Versions Compared

Key

  • This line was added.
  • This line was removed.
  • Formatting was changed.

Audio Files

Oral History’s Current Status:
We have 3 types of audio files used by Oral Histories. Two are legacy formats which we won’t be using further and one is the current and future standard. We can support 2 of the formats, but currently will not be able to accept the other audio format.

Legacy Formats:

  1. WMA: A few files are Windows Media Audio (WMA) formatted. Current we will not be able to accept or use any of these files.  If we run across any WMA only OH records, we'll need to make a ticket to talk about how to handle them.
  2. MP3: A number of oral histories have been kept as mp3 files, these will kept in their original format and further changes will be from the mp3MP3.

Current Format:

  1. WAV: The current standard format used for all Oral Histories is the WAV file. This is a lossless uncompressed audio file. This format has uses from a preservation standpoint but takes up more space than other audio options, We will not use this in our application.

Use in digital collections:

For simplicity’s sake we should focus on only a limited number of audio formats. One will be mp3, to support old oral histories and for broad compatibility for streaming/download use by most users. To support lossless storage of audio files (WAVs and others) we will use Fully Lossless Audio Codec (FLAC) files.  If WAV files exist along with MP3 files, the WAV files should take precedence given they are lossless and uncompressed and are therefore of a higher quality than the compressed lossy MP3 format. Such files will need to be converted to the FLAC format for ingestion into the Digital Collections.

Benefits:

  • The flac file standard reduces the size of a WAV file to 50-60% of the size of the original file. This cuts down storage costs and data transfer costs and time.
  • FLAC is also a well supported audio standard with an open source license.

...

  1. FLAC format, used for WAV files.
  2. MP3 format, when the original file is a mp3 formatted file.

Workflow/Ingest:

When a oral history has been selected the digital collections team will handle the ingest of the file(s) into the digital collection. Right now there will be two workflows, one if the file is a .mp3 and one if it is a .wav file.

...

Response from Lee Berry, Curator of Oral Histories (via Nicole J. email 3/6/19): "I’m disinclined to merge the audio files, since they’re usually indicated in the transcript and it can be helpful to know which audio file you’re listening to as you navigate the PDF."  Based on her response, let's move ahead with a zipped folder containing all the sections within a single interview.

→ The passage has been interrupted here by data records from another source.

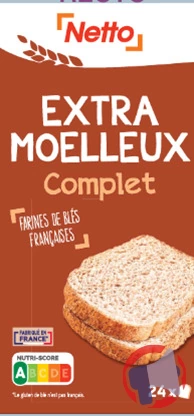 Suite à un problème de ce rappel fait suite à un risque de présence de sulfites non indiqué sur l'étiquetage du produit, le produit pain de mie extra moelleux complet netto 500g de la marque NETTO et distribué dans les enseignes NETTO en France entière a fait l'objet d'un rappel le 17 juil. 2023. Il est fortement recommandé de ne plus consommer, ne plus utiliser le produit et rapporter le produit au point de vente ce produit si vous avez acheté une ou plusieurs des références suivantes : extra moelleux complet netto 500g.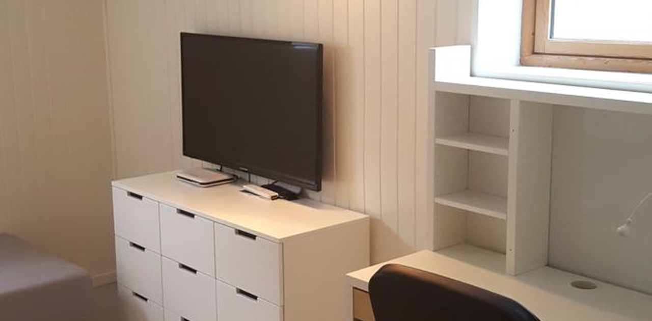 Flatskjerm 42" på alle rom med 200 Mbit internettlinje er tilgjengelig (tråd/trådløst).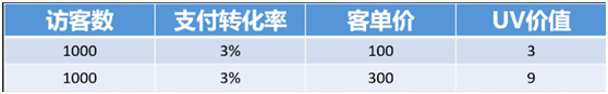 假设两个卖类似产品的店铺,每天都有一千访客,A店铺的客单价是100元,B店铺的客单价是300元,两家店铺转化率相同,都是3%,可以分别计算出两家店铺的UV价值。A店是3元,B店是9元。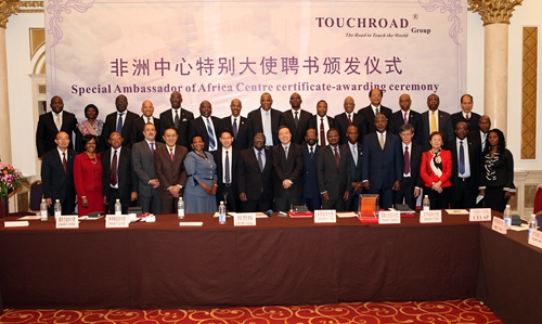 多哥、埃塞俄比亚、莫桑比克、佛得角、贝宁、博茨瓦纳、布隆迪、几内亚、加蓬、津巴布韦、科摩罗马拉维、毛里求斯、南苏丹、塞内加尔、塞舌尔、乌干达、尼日利亚、南非、埃塞俄比亚、赞比亚、毛里塔尼亚、乍得、加纳等来自20多个非洲国家的大使、大使夫人、代办、驻上海总领事和参赞等外交官以及上海师范大学、中国浦东干部学院、上海市人民政府外事办公室、浙江省人民政府外事办公室、上海浦东新区人民政府外事办公室、上海市工商联、浙江省人民政府侨务办公室、上海市工商联等单位领导共同出席了非洲中心特别大使证书颁发仪式。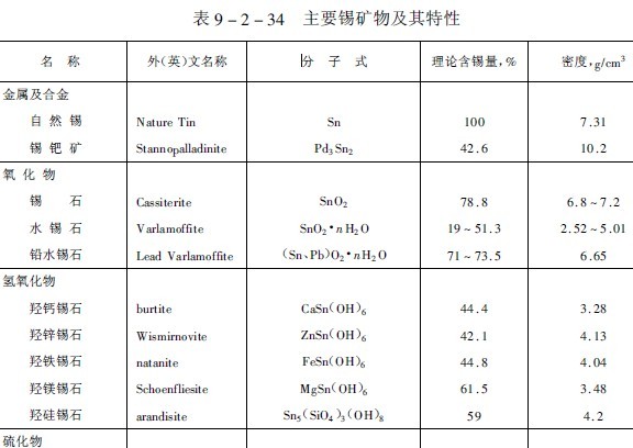 目前世界上已發現的錫礦物達60多種,包括氧化物、氫氧化物、硫化物、硫酸鹽、硅酸鹽、硼酸鹽、鉭鈮酸鹽以及天然金屬和合金。主要錫礦物及其特性列于表9-2-34。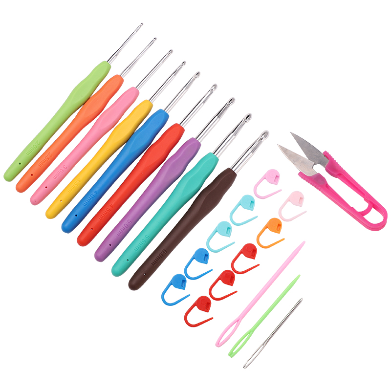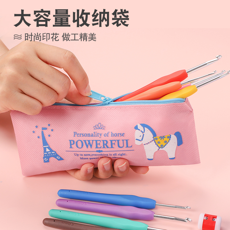 勾针钩针工具全套装 手工软柄毛线衣编织包包不锈钢钩针diy材料包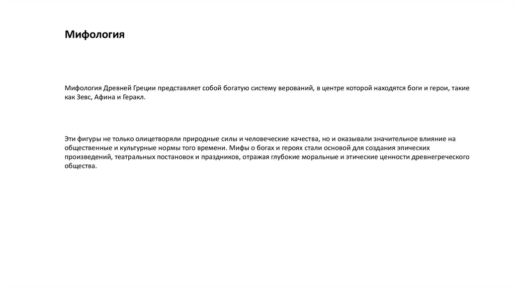 МифологияМифология Древней Греции представляет собой богатую систему верований, в центре которой находятся боги и герои, такие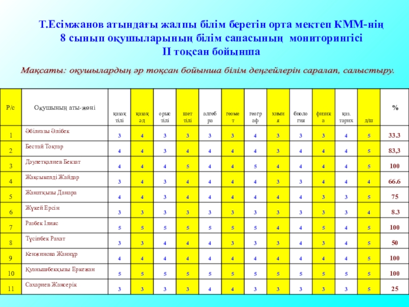 Мақсаты: оқушылардың әр тоқсан бойынша білім деңгейлерін саралап, салыстыру.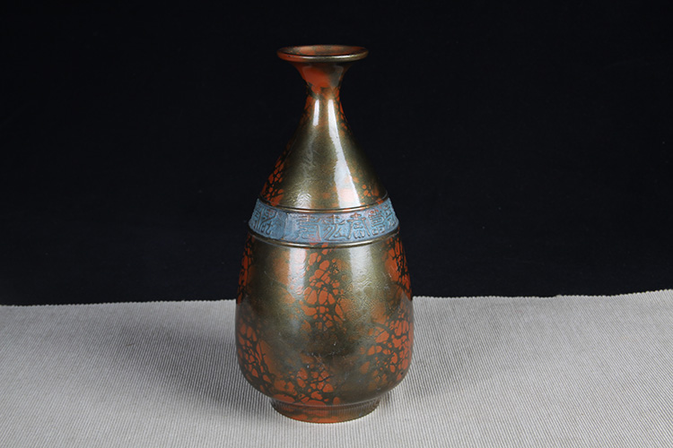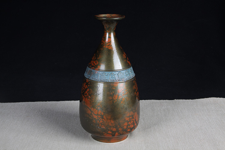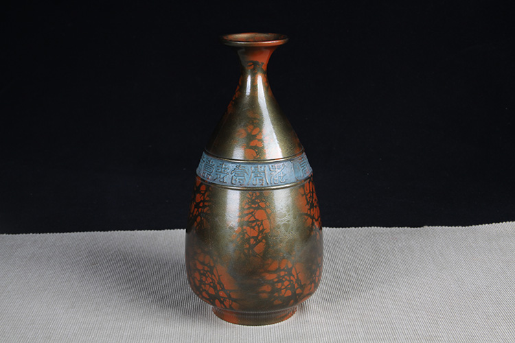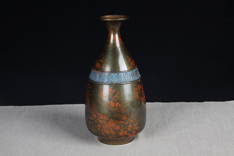 日本花器 日本寿字大肚铜花瓶 日本斑紫铜工艺,铸造寿字纹,器型大气,性价比高

flac assurance: To make sure what our flac file is a proper copy, even though we are not promising preservation, we need to be sure that the flac can be transferred back to the wav file with no changes in data. This is done by taking a checksum of the original wav and then after the flac is made generating a new wav from the flac and comparing its checksum to the original file. The tool used for the conversion is freac (to make the flac) and the flac command line tool to rebuild a new wav. In all cases the flac command line tool is considered to be the gold standard for conversion in or out of the flac format, not ffmpeg. Other tools, Audacity, were tested but did not generate the same checksum between the new and old wav files, making any future programmatic comparisons difficult.

User persona per 5/2 mtg. with Lee Berry

User references particular passage found within oral history transcript.  Would then (an Oral History researcher) reads oral history transcript and identifies a particular passage of interest. User would like to listen to that passage via the audio player (user should be able to navigate to particular file identify audio file and corresponding timestamp for passage based on notes within transcript).   May User may also like want to download that particular passage; would prefer not to download the entire oral history recording.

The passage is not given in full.